== TASK TO CARRY OUT ==
Would you retype exactly the lines from the one holding "The fourteen selected" through the last line of the listing, and only those, without pictures?

Segment Start: INFORMATION PROVIDED

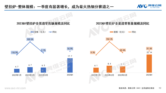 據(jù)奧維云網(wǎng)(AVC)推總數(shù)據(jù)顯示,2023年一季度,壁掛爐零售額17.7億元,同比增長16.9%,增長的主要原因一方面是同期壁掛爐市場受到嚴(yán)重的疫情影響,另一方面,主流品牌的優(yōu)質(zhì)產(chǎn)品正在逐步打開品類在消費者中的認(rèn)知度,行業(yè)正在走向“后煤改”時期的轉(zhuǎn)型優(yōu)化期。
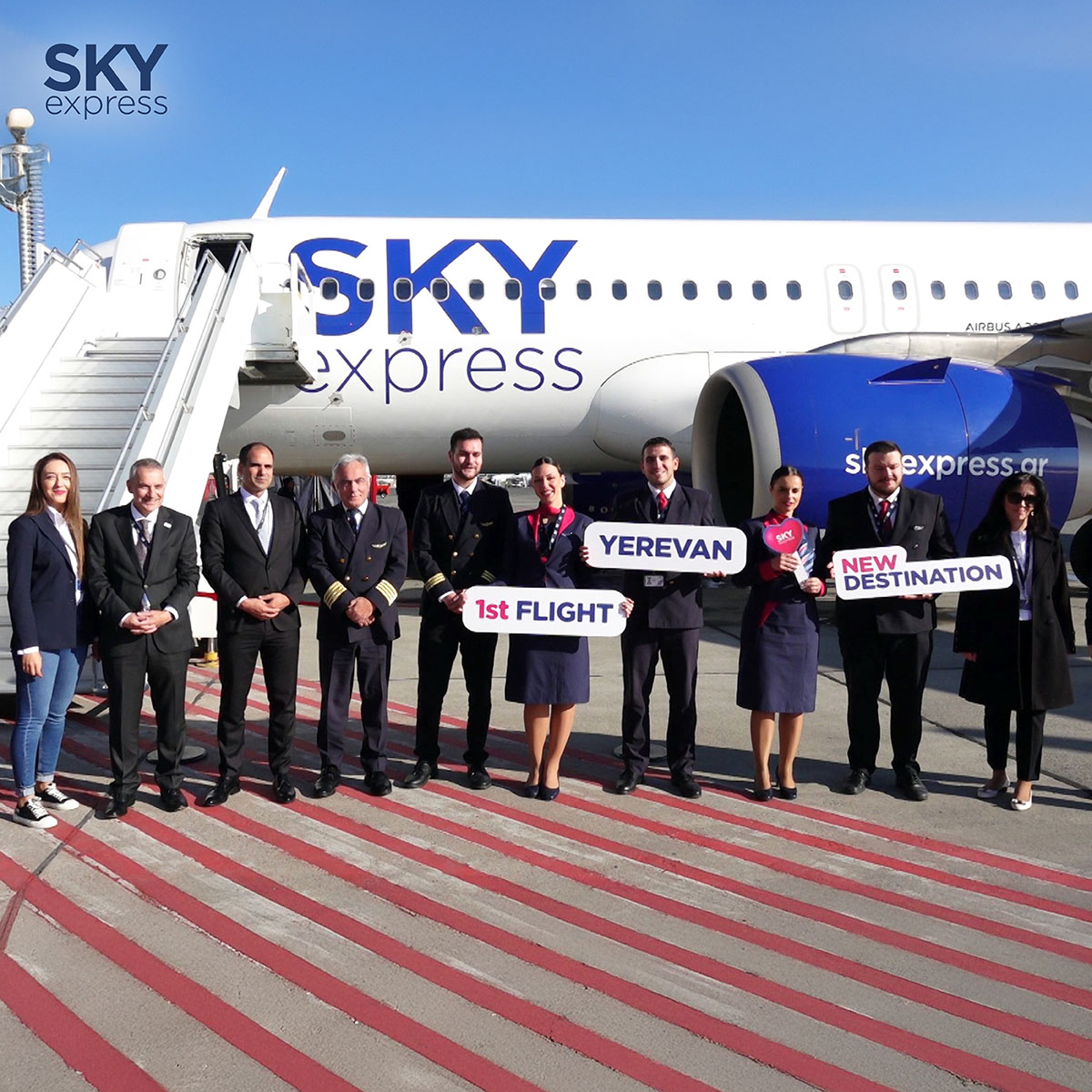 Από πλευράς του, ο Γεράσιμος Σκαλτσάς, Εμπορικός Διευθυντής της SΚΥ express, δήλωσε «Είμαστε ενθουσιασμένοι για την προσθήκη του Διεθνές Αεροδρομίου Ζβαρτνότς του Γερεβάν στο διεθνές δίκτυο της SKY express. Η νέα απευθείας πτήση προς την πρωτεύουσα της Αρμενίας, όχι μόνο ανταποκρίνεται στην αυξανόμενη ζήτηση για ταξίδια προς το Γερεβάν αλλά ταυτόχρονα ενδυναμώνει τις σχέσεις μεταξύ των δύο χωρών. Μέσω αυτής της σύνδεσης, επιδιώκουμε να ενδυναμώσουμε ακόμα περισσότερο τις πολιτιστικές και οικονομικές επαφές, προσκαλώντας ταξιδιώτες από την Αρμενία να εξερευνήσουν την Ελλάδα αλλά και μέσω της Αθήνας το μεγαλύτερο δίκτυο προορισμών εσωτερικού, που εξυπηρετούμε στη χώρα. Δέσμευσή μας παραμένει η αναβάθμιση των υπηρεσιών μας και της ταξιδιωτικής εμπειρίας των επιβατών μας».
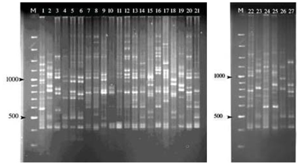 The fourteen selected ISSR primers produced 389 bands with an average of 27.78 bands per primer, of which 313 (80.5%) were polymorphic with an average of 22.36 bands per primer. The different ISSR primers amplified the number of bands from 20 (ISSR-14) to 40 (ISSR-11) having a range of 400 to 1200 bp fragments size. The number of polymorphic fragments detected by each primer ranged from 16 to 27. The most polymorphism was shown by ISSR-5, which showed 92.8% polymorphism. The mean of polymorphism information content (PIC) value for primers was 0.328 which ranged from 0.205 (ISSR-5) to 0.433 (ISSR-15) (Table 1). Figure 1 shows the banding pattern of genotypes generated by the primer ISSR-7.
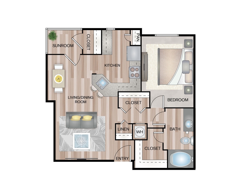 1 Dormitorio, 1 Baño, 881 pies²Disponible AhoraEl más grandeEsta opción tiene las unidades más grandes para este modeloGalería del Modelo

Segment End: INFORMATION PROVIDED

== TASK SOLUTION ==
 The fourteen selected ISSR primers produced 389 bands with an average of 27.78 bands per primer, of which 313 (80.5%) were polymorphic with an average of 22.36 bands per primer. The different ISSR primers amplified the number of bands from 20 (ISSR-14) to 40 (ISSR-11) having a range of 400 to 1200 bp fragments size. The number of polymorphic fragments detected by each primer ranged from 16 to 27. The most polymorphism was shown by ISSR-5, which showed 92.8% polymorphism. The mean of polymorphism information content (PIC) value for primers was 0.328 which ranged from 0.205 (ISSR-5) to 0.433 (ISSR-15) (Table 1). Figure 1 shows the banding pattern of genotypes generated by the primer ISSR-7.
 1 Dormitorio, 1 Baño, 881 pies²Disponible AhoraEl más grandeEsta opción tiene las unidades más grandes para este modeloGalería del Modelo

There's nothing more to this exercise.